__What you need to do__. Pictures must not appear in the copy. Restate exactly the lines below from the one with "在数字化浪潮席卷的当下,科普" through the one with "Nie, Renadyl® to", inclusive.
Data: Begin
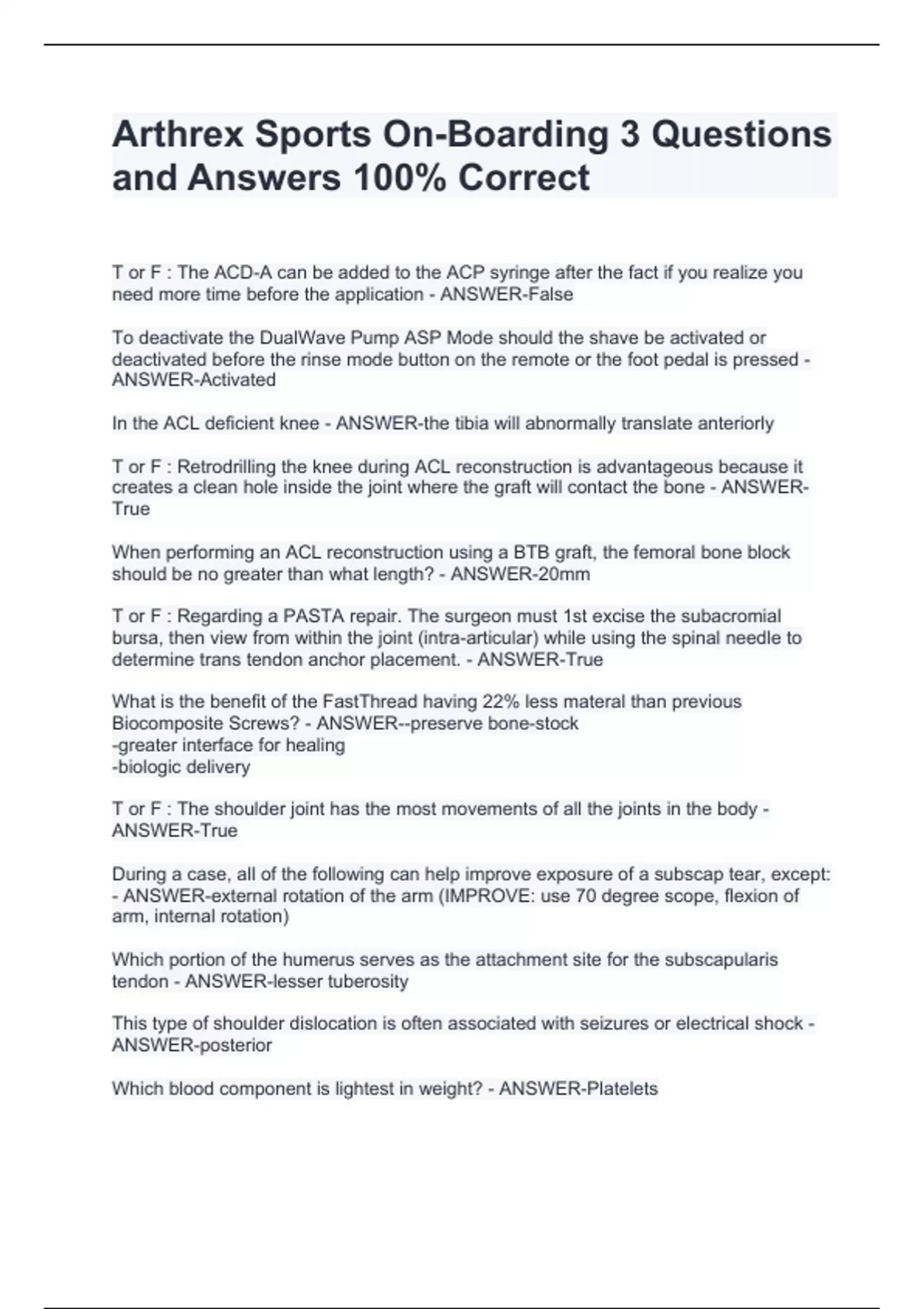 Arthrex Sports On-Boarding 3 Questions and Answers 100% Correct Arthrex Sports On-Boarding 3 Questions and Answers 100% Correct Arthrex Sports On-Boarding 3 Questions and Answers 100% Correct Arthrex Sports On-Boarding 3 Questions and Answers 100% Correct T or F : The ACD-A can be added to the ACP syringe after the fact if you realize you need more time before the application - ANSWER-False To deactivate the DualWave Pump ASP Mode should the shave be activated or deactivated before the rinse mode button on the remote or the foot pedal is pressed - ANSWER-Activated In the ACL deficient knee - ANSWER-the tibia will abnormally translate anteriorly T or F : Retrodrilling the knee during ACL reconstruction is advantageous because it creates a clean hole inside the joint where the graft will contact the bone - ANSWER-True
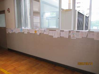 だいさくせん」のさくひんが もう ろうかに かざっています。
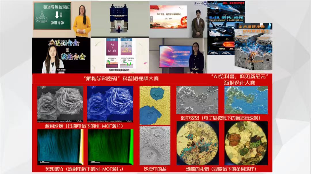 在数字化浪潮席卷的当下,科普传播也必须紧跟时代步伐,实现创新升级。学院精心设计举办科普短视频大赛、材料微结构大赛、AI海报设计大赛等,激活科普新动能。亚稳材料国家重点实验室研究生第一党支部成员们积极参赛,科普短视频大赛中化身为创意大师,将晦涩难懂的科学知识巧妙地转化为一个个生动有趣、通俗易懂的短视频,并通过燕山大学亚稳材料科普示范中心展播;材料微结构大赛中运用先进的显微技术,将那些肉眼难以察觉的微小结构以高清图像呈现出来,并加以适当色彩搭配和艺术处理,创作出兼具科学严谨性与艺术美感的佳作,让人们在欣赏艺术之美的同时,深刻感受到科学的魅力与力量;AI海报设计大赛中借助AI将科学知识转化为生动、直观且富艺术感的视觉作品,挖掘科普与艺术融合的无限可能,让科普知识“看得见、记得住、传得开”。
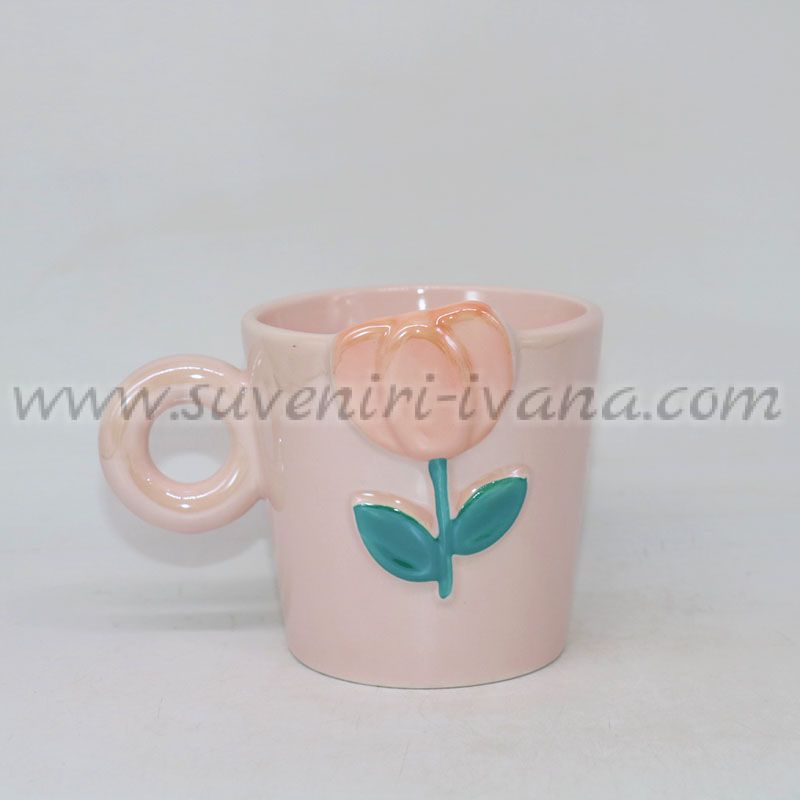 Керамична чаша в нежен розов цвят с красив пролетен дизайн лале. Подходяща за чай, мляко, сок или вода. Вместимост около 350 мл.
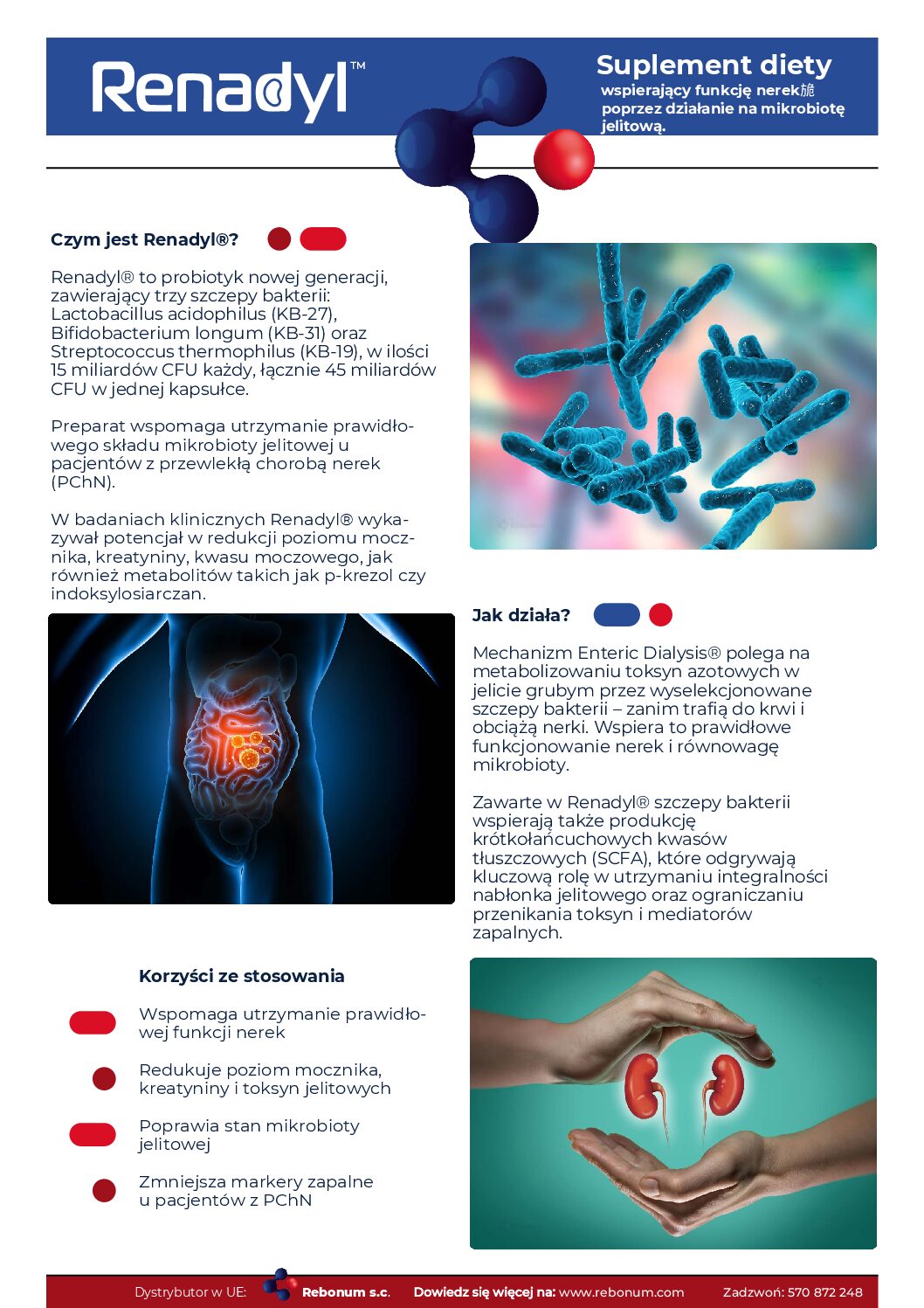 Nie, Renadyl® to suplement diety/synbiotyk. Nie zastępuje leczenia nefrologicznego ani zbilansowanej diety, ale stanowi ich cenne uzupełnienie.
Data: End
Data: Begin
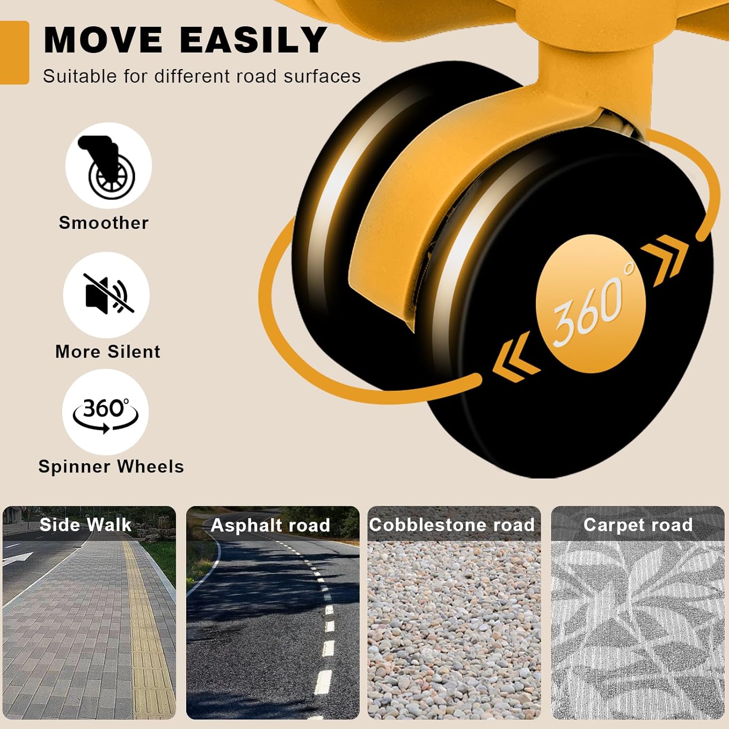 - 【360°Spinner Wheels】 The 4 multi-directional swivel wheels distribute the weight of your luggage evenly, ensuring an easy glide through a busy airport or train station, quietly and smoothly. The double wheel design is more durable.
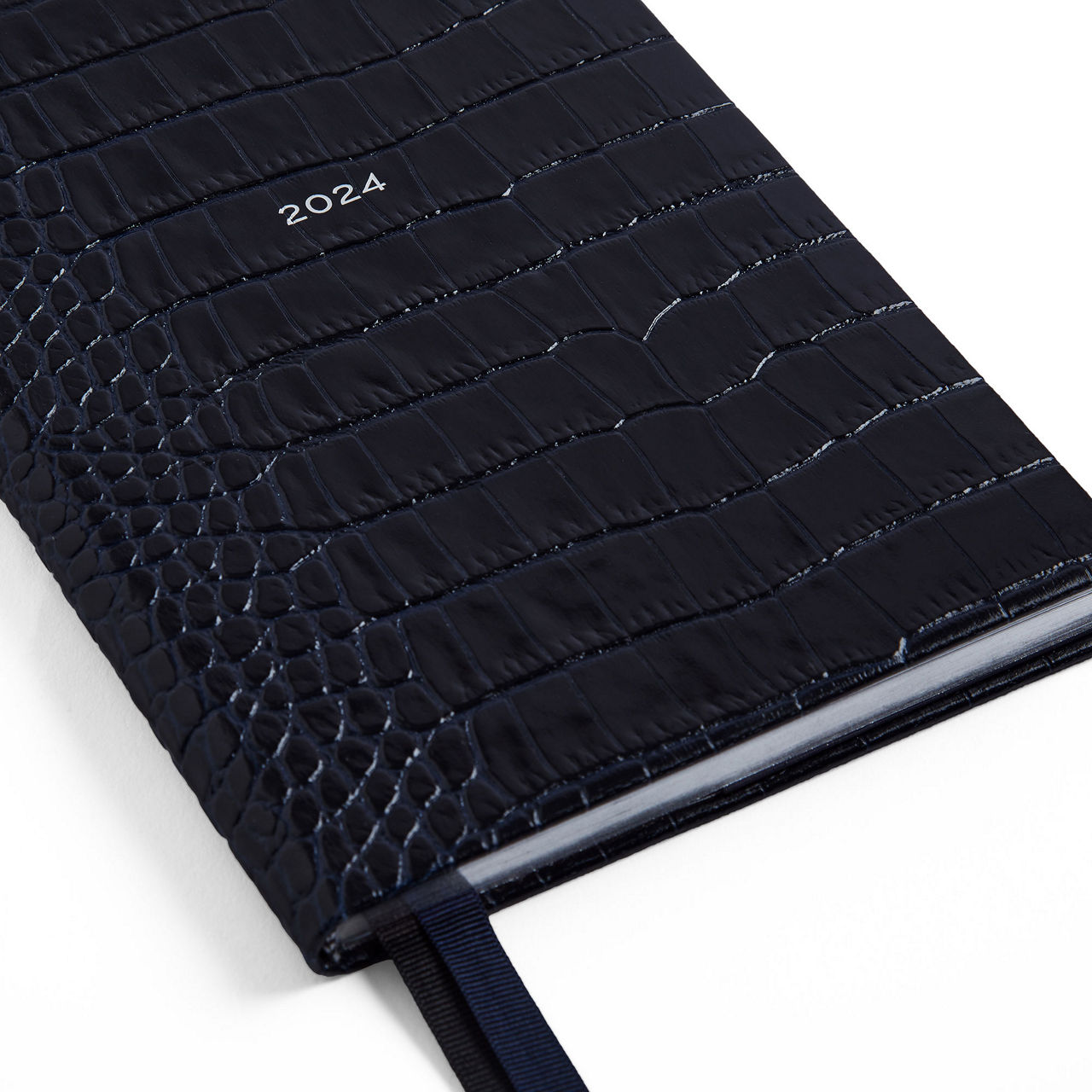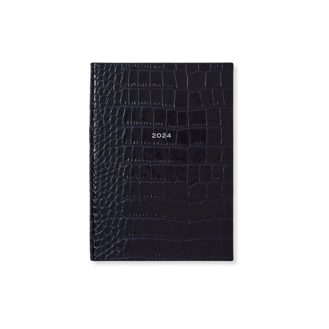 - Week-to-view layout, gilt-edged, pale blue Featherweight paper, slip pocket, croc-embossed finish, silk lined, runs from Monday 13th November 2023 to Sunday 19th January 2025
Data: End
__Reply to the exercise__.
 在数字化浪潮席卷的当下,科普传播也必须紧跟时代步伐,实现创新升级。学院精心设计举办科普短视频大赛、材料微结构大赛、AI海报设计大赛等,激活科普新动能。亚稳材料国家重点实验室研究生第一党支部成员们积极参赛,科普短视频大赛中化身为创意大师,将晦涩难懂的科学知识巧妙地转化为一个个生动有趣、通俗易懂的短视频,并通过燕山大学亚稳材料科普示范中心展播;材料微结构大赛中运用先进的显微技术,将那些肉眼难以察觉的微小结构以高清图像呈现出来,并加以适当色彩搭配和艺术处理,创作出兼具科学严谨性与艺术美感的佳作,让人们在欣赏艺术之美的同时,深刻感受到科学的魅力与力量;AI海报设计大赛中借助AI将科学知识转化为生动、直观且富艺术感的视觉作品,挖掘科普与艺术融合的无限可能,让科普知识“看得见、记得住、传得开”。
 Керамична чаша в нежен розов цвят с красив пролетен дизайн лале. Подходяща за чай, мляко, сок или вода. Вместимост около 350 мл.
 Nie, Renadyl® to suplement diety/synbiotyk. Nie zastępuje leczenia nefrologicznego ani zbilansowanej diety, ale stanowi ich cenne uzupełnienie.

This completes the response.